While boys were trained to be political soldiers, girls were to prepare for motherhood. Under the Nazis, grammar school and university places were limited for girls, and there were almost no places for girls in the elite boarding schools set up by the Nazis as academies for future leaders.

Teachers had little scope to oppose this indoctrination. Jewish teachers and opponents of the regime were removed, and staff who remained had to swear allegiance to Hitler, attend ideological training camps and join the National Socialist Teachers’ League.

But there was also much voluntary support for Hitler among teachers. By 1936 one teacher in three was a member of the Nazi party. And many Nazi gauleiters (local leaders) were former teachers.

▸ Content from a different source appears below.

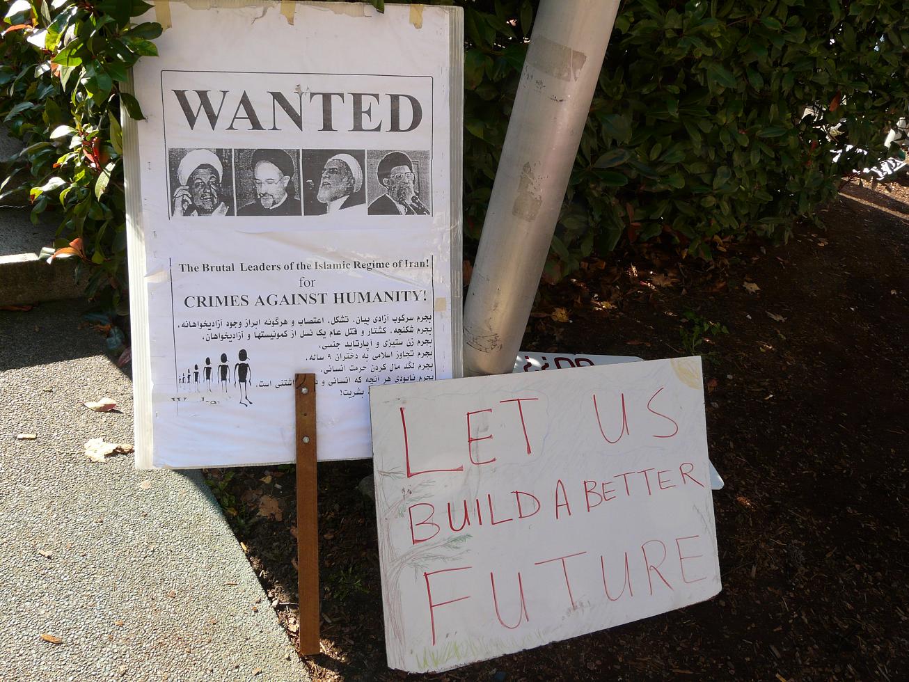 Фото сделаны в субботу. Посмотрите сами, какая публика – очень многое можно понять, просто посмотрев на них внимательно. Посмотрите сами, какие лозунги. Кое-что я переведу. Во избежание неоправданного недоумения – (а) это не галлюцинация, толпа канадских несогласных реально разношерстная, от недобитых коммунистов до недовымерших новых хиппи, с иранскими несогласными где-то посередине, (б) плакатики, за исключением стандарта «99%», самодельные, что, вместе со многими другими признаками, указывает на то, что контингент, в основном, не проплачен, (в) толпа очень мирная, с детьми и собаками, и функции полиции там чисто обеспечить им свободный проход путем умелого регулирования движения. Да, и это самый центр города (в Ване нет «главной улицы», иногда говорят – Робсон, но там неудобно было бы митинговать). Начальство народу не мешало, хотя федеральное правительство сейчас правое, ориентированное на бизнес.

But the Nazi schools experiment ultimately failed. The political ransacking of the curriculum, the disruption of sports and Hitler Youth events and the blocking of lessons for girls all contributed to a collapse in standards. Ironically, for a system designed to produce warriors, it was the German army which raised complaints that its recruits lacked basic levels of general knowledge.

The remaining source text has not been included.